- **INFORMATION SHOWN**
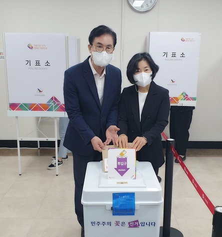 김상권 경남도교육감 후보가 6.1지방선거 사전투표 첫날인 27일 오전 창원 의창구 팔용동 행정복지센터를 방문, 부인 강명화 여사와 함께 소중한 한 표를 행사하고 있다. (사진=김상권 선거캠프 제공)
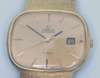 the gold coloured rounded rectangular dial with baton numerals and date aperture, itted to a broad tapering bracelet, with textured satin finish and fold-over clasp
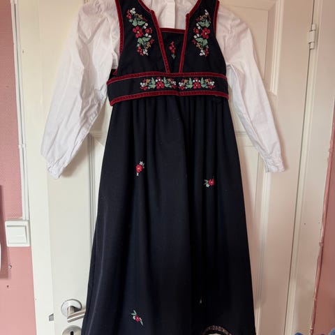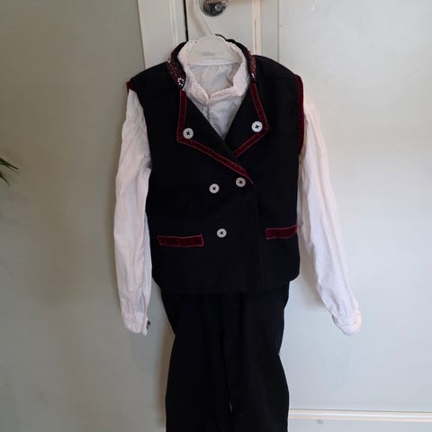 Drakt str 122, skjorte 128. Mørkeblå med bånd i burgunder velour.

- **EXERCISE DIRECTIONS**
Pictures in the listing above must be skipped; everything else should be copied exactly.

- **RESULT**
 김상권 경남도교육감 후보가 6.1지방선거 사전투표 첫날인 27일 오전 창원 의창구 팔용동 행정복지센터를 방문, 부인 강명화 여사와 함께 소중한 한 표를 행사하고 있다. (사진=김상권 선거캠프 제공)
 the gold coloured rounded rectangular dial with baton numerals and date aperture, itted to a broad tapering bracelet, with textured satin finish and fold-over clasp
 Drakt str 122, skjorte 128. Mørkeblå med bånd i burgunder velour.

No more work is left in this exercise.